Reducing GHG emissions hinges on appropriate public policies that seek to reduce the risks posed by climate change at minimum cost to society, while recognizing the importance of abundant, reliable, affordable energy for global economic development. Developing countries already account for more than half of current GHG emissions globally, and by around 2020, cumulative historical GHG emissions from developing and developed economies will be equal. Therefore, both developed countries and the major developing economies need to participate in crafting policies aimed at mitigating global CO2 emissions. Policy discussions in developed countries should also recognize the role of energy in economic development.
A variety of policy strategies can contribute to GHG emissions reductions, such as cap-and-trade rules, carbon taxes, increased efficiency standards and incentives or mandates for renewable energy. ExxonMobil participates in GHG emissions trading when cost-effective, in areas of our operations where regulated trading schemes exist. However, we believe a well-designed, revenue-neutral carbon tax program provides a more cost-effective alternative to a cap-and-trade regime for reducing GHG emissions. We believe this approach ensures a uniform and predictable cost of carbon, lets market prices drive solutions, maximizes transparency to stakeholders, reduces administrative complexity, promotes global participation, and is easily adjusted to future developments in climate science and policy impacts.

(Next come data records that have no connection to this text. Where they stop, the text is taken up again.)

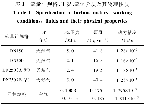 2015年至2018年,上海(hǎi)市計量測試技術(shu)研究院使用常壓(ya)空氣流量标準裝(zhuāng)置(量程2~4500m3/h,相對擴展(zhǎn)不确定Urel=0.16%,k=2))對32台進口(kǒu)渦輪流量計實施(shi)檢定,流量計入關(guān)前都經過德國國(guo)家高壓天然氣流(liu)量标準裝置(量程(cheng)3~6500m³/h,相對擴展不确定(ding)度Urel=0.12%,k=2)的實流标定。常(chang)壓空氣流量标準(zhun)裝置的量值溯源(yuán)到中國氣體流量(liang)國家基準,德國國(guó)家高壓天然氣流(liu)量标準裝置使用(yòng)的流量标準值是(shì)荷蘭法國-德國協(xié)同參考值(harmonizedreferencevalue)。根據流(liú)量計的型号規格(gé)以及标定時的工(gong)況壓力,将32台流量(liang)計分爲4組,對應的(de)工作介質及其物(wu)理性質如表1所示(shì)。标定數據經彙總(zong)整理後繪制成體(tǐ)積流量-誤差曲線(xiàn),如圖1所示。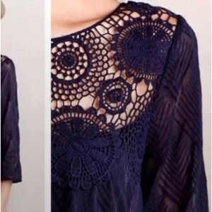 Holding Horses Anthropologie Augusta Navy Crochet Tunic Dress - S
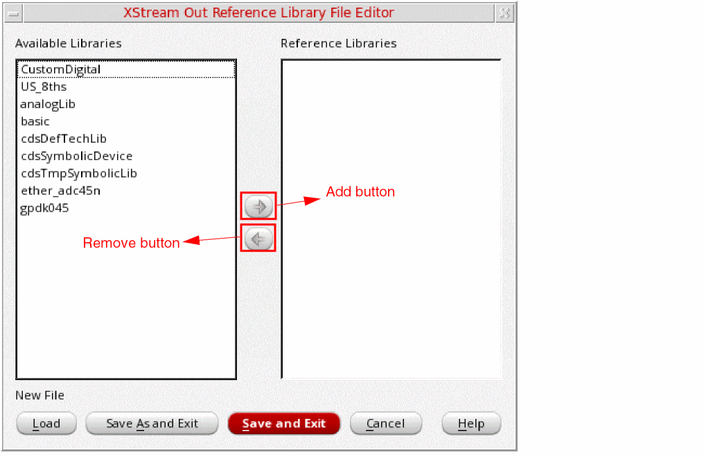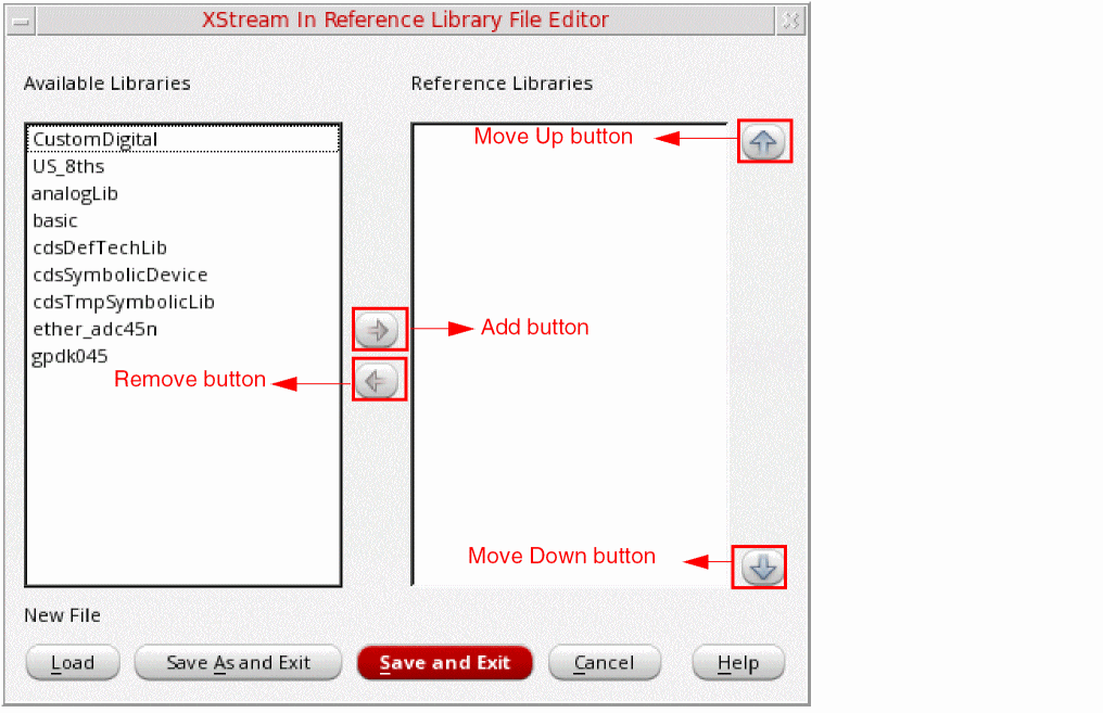 Suppose you are having a number of reference libraries incds.liband a design or a sub design/module is using a small fraction of the libraries that are being used. In another case, the libraries defined incds.libmay not get ordered in an optimal fashion to minimize the search for a referenced cell during XStream In. In such a case, use the Reference Library List option.

Our scientists have been involved in climate change research and related policy analysis for nearly 30 years. This undertaking has yielded more than 45 papers in peer-reviewed publications. Experts from our organization have served on the United Nations Intergovernmental Panel on Climate Change since its inception, and continue to be engaged today. ExxonMobil funds or collaborates on climate-related research at the University of Illinois, the University of California at Riverside, Pacific Northwest National Lab, Massachusetts Institute of Technology, Stanford University and the Bermuda Institute of Ocean Sciences. In 2013, we collaborated with the University of California at Riverside on a study aimed at improving computer modeling of black carbon in the atmosphere. ExxonMobil also played an integral role in organizing a major industry workshop through IPIECA on short-lived climate forcers (SLCFs). The workshop explored the basic science of SLCFs, natural and anthropogenic emission sources of SLCFs, and the role of the oil and gas industry.
Climate change adaptation
Our Operations Integrity Management System (OIMS) is the cornerstone to managing safety, security, health and environmental risks in our operations worldwide, including potential physical risks associated with climate change. While most scientists agree climate change poses risks related to extreme weather, sea level rise, temperature extremes and precipitation changes, current scientific understanding provides limited guidance on the likelihood, magnitude or time frame of these events. Anticipating the likelihood of an event at the regional or local level in comparison to global averages is even more difficult. Nevertheless, our facilities are designed, constructed and operated to withstand a variety of extreme conditions, with safety factors built in to cover a number of engineering uncertainties, including those associated with potential climate change impacts. We continue to engage with major engineering societies, international organizations and industry groups to develop sound engineering perspectives on managing the risks of climate change.